EU AI Act Evidence for AI Agents
EU AI Act timeline: Article 50 begins applying in August 2026 under the AI Omnibus political agreement, while high-risk timing splits across 2027 and 2028.
Control points
- Article 14 human oversight maps naturally to pre-action approval gates for high-impact agent tool calls.
- Article 12 logging maps to decision records: tool, arguments, policy, outcome, reviewer, and timestamp.
- Veto evidence connects AI governance claims to concrete runtime controls rather than policy documents alone.
The EU AI Act entered into force on August 1, 2024. The prohibited practices took effect in February 2025. The general-purpose AI (GPAI) rules apply from August 2025. A May 7, 2026 Parliament-Council political agreement on the AI Omnibus would set high-risk dates at December 2, 2027 for specified high-risk areas and August 2, 2028 for product-integrated systems, pending formal adoption. Article 50 transparency still has an August 2, 2026 application date, while the AI Omnibus political agreement adds a three-month transition for certain generated-content marking obligations to December 2, 2026. The practical point: build evidence before customers, auditors, or regulators ask for it.
The regulation text is not the hard part. The implementation path is specific: technical controls, YAML policies that encode them, audit records that support compliance review, and the exact Articles you need to map. If you are deploying AI agents in the EU or serving EU customers, this is your engineering blueprint.
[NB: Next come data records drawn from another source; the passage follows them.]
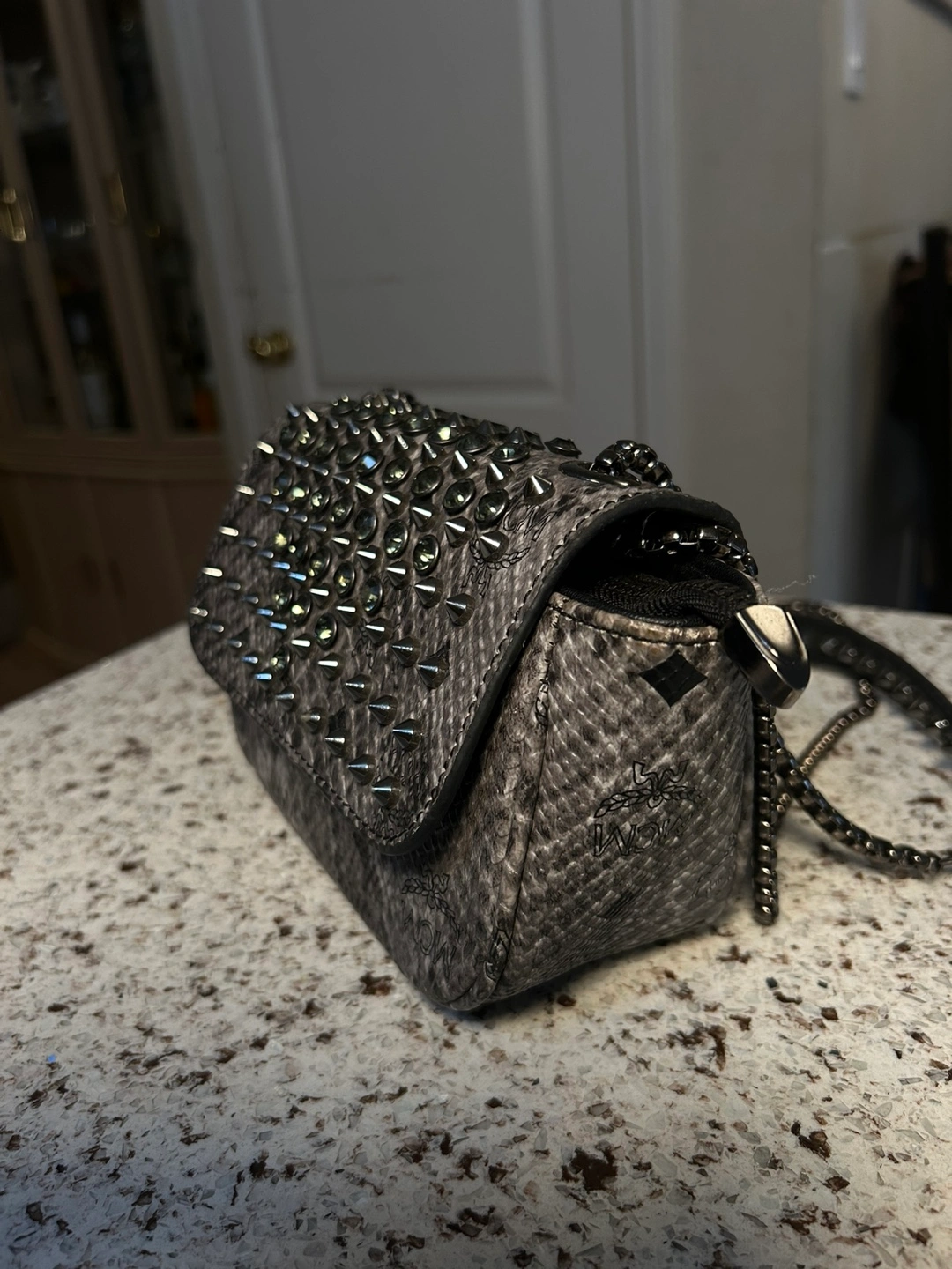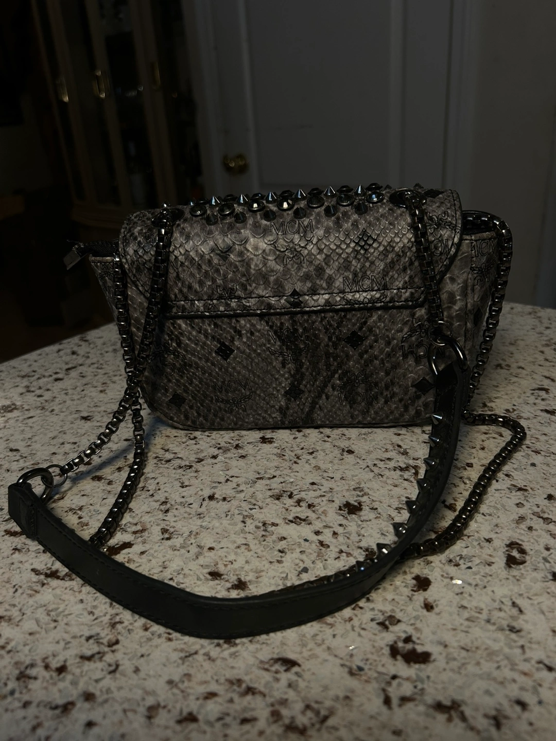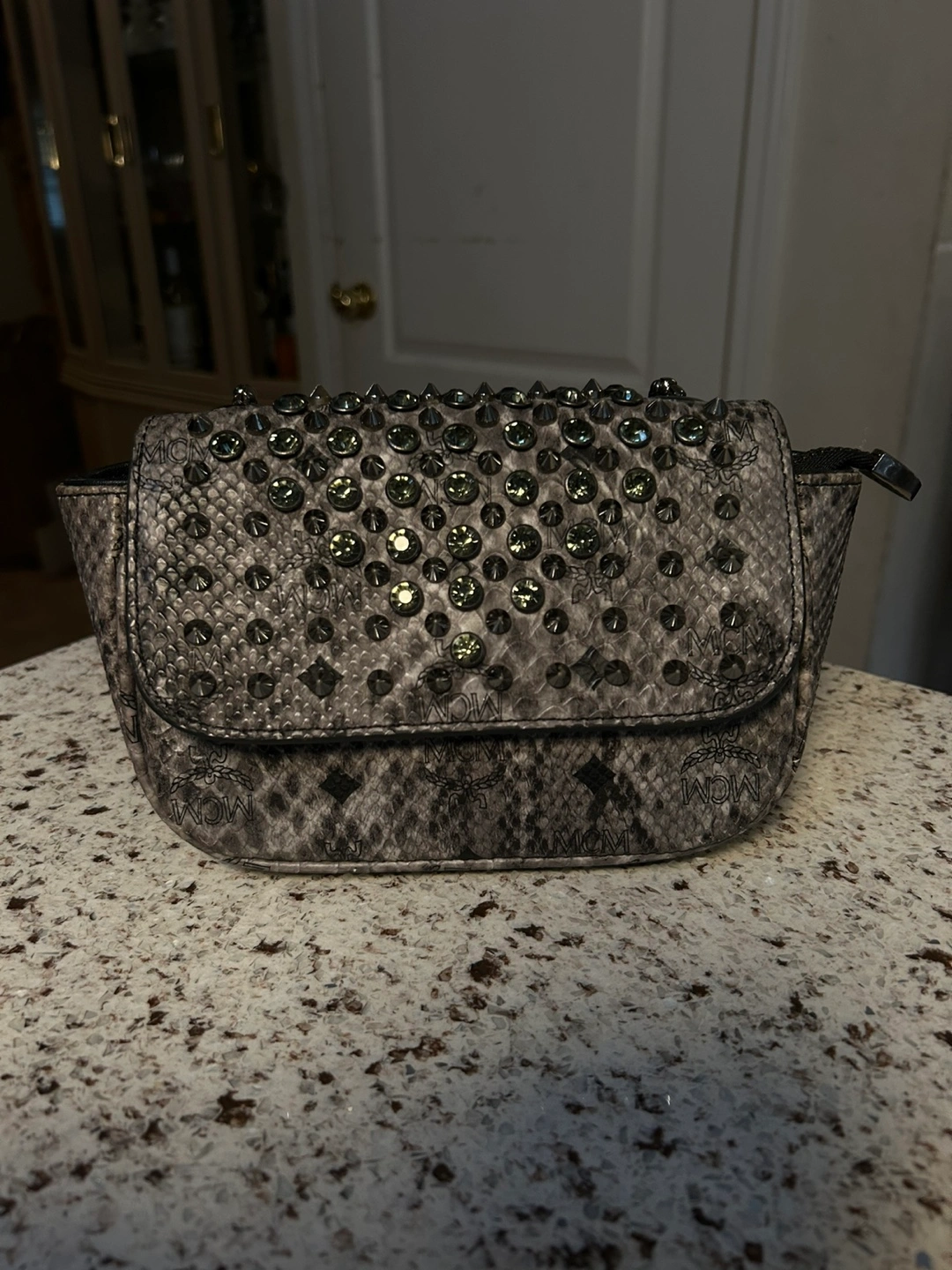 Snakeskin MCM belt bag with studded embellishments. This bag features a chain strap and the classic MCM logo pattern. It's in great condition and ready for a new home!
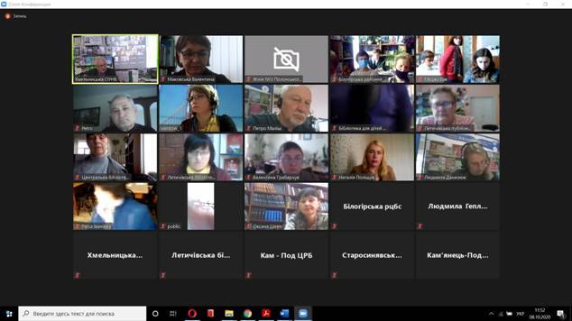 Захід проходив на хмарній платформі ZOOM для читачів публічних бібліотек області. Хмельницька обласна універсальна наукова бібліотека отримала у подарунок перші примірники книги-спогадів «Древо триєдине». Приємно те, що книга надійде майже у кожну публічну бібліотеку області.
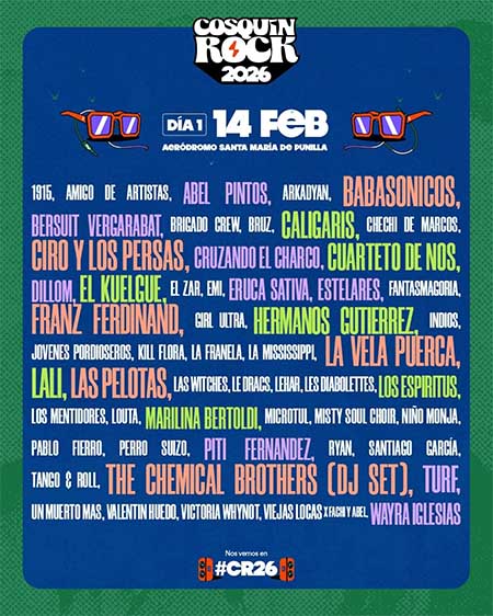 O festival argentino Cosquín Rock 2026 revela seu line dividido por dias para a edição que acontece em fevereiro com Fito Paez, Babasonicos, Franz Ferdinand, Devendra, Chemical Brothers e mais!
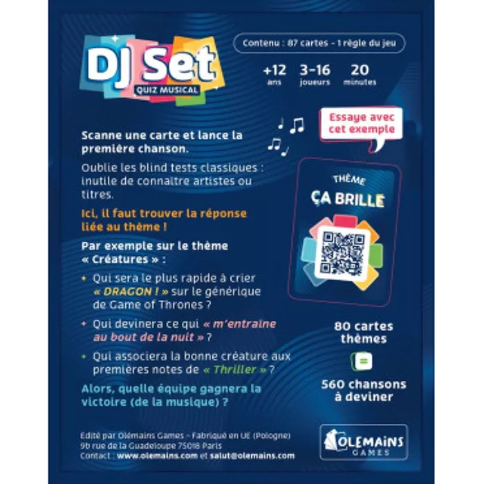 DJ Set - Quiz Musical est un jeu de société innovant qui transforme le blind test traditionnel en une expérience interactive et amusante. Avec plus de 500 chansons réparties en 80 thèmes, ce jeu promet des heures de divertissement en famille ou entre amis.
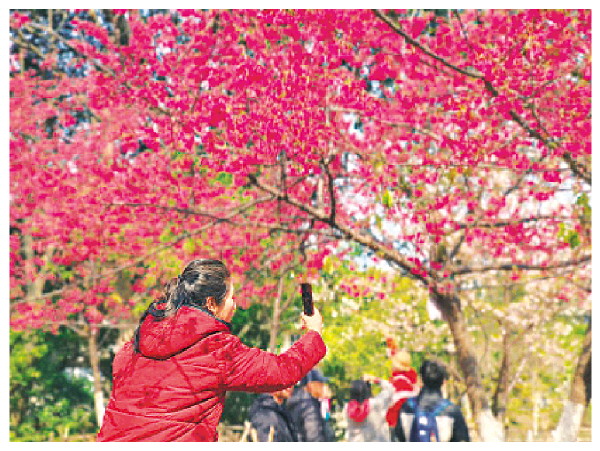 2月4日,春节假期最后一天,市民纷纷走出家门,享受春光。在南溪山公园内,樱花盛开,吸引了许多人前来赏花拍照。
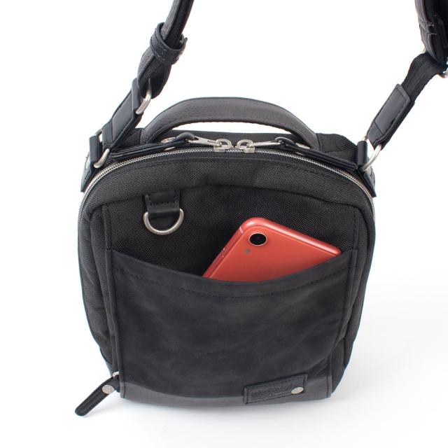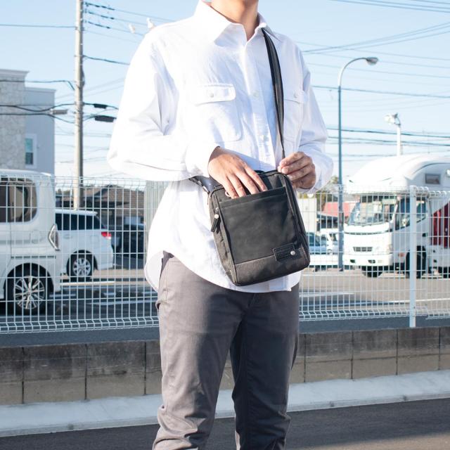 ◆ヌバック調合皮を使った落ち着いた質感のショルダーバッグ。
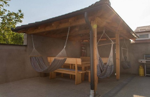 Guest House Thesaurum is situated in a small place Karanac located 30 km from city of Osijek. It features a swimming pool, a balcony and a furnished terrace, which makes it perfect for a quiet and relaxing family or friends' vacation. The property comes with free WiFi available throughout the property as well as air-conditioning. Fully equipped kitchen is at your disposal. Free private parking is provided, reservation is not needed. This guest house is pet friendly. This lovely four bedroom apartment with swimming pool, balcony and furnished terrace is perfectly fit for eleven people. It features free WiFi, air conditioning as well as LCD TV. Bedrooms are combined with living rooms that come with sofa and seating area. The kitchen is fully equipped and it comes with dining area. The private bathroom comes with shower and toilet. Free toiletries, hair dryer as well as linens and towels are at your disposal. You have access to iron and ironing board. Karanac is an etno village near city of Osijek. This place is most responsible for the revival of Baranja tourism, and satisfied visitors return regularly to enjoy the pleasant atmosphere of the Baranja village. You can enjoy beautiful countryside of Slavonia walking through Slavonia forests and trying their traditional cuisine in rural households. The nearest bus stop is 200 meters away and airport is 45 km away.
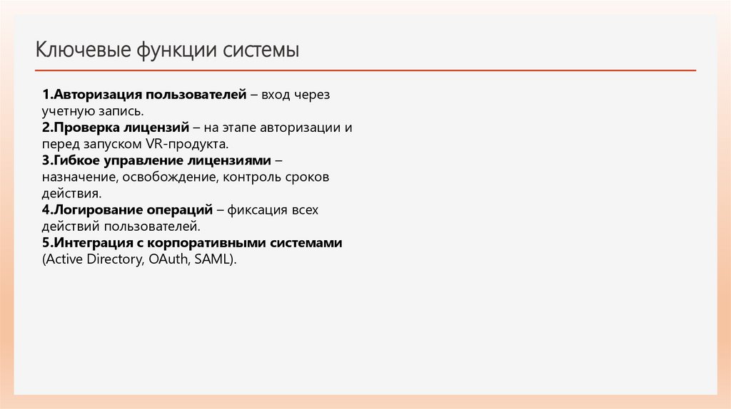 Ключевые функции системы1.Авторизация пользователей – вход через
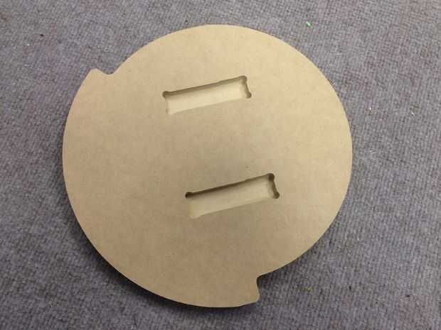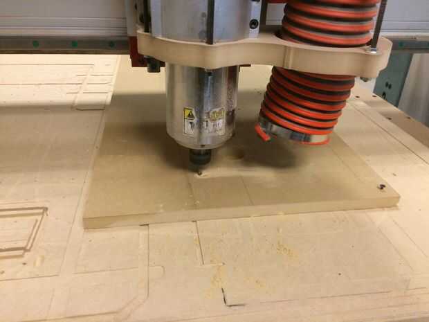 Corté el MDF 18x49in trozos así que era más fácil de llevar. El MDF se atornilla en la mesa de fresadora CNC y Mach3 fue utilizado para cortar las partes del separador. Los soportes pueden recortar con una sierra de mesa y la parte superior e inferior pueden cortarse utilizando un router con una plantilla de círculo.
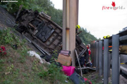 Erst nach der Freigabe des Wracks und der Unfallstelle konnte mit der Bergung der Verstorbenen, begonnen werden. Hier waren es wieder die Feuerwehrkräfte, die die Aufgabe hatten, das anwesende Bestattungsunternehmen bei der Bergung der Opfer zu unterstützen. Zwischenzeitlich mussten auch auslaufende Betriebsmittel gebunden werden.

Timeline: What Applies When
The EU AI Act rolls out in phases. Each phase brings new obligations:
Phase 1: February 2, 2025 (already in effect) - Prohibited AI practices banned (Article 5) - Social scoring, most real-time biometric identification use, and workplace or school emotion recognition restrictions - Prohibited-practices penalty tier Phase 2: August 2, 2025 (already in effect) - General-purpose AI model obligations (Articles 51-56) - GPAI transparency duties - Systemic-risk obligations for qualifying models - AI literacy obligations for deployers (Article 4) Phase 3: August 2, 2026 - Article 50 transparency rules begin applying, subject to AI Omnibus transition details - Some generated-content marking obligations move to December 2, 2026 under the AI Omnibus political agreement - Other non-delayed provisions apply Phase 4: December 2, 2027 - High-risk rules for specified areas under the Council-Parliament AI Omnibus political agreement, pending formal adoption - Covered areas include biometrics, critical infrastructure, education, employment, migration, asylum, and border control - Relevant controls include Articles 9, 10, 11, 12, 13, 14, 15, and 26 Phase 5: August 2, 2028 - High-risk rules for systems integrated into products covered by EU harmonization legislation
Annex III: Is Your AI Agent High-Risk?
Not every AI system is high-risk. The EU AI Act defines high-risk categories in Annex III. AI agents may fall into high-risk classification when their intended use maps to these domains:
- Critical infrastructure: Agents managing energy grids, water supply, transportation, or digital infrastructure.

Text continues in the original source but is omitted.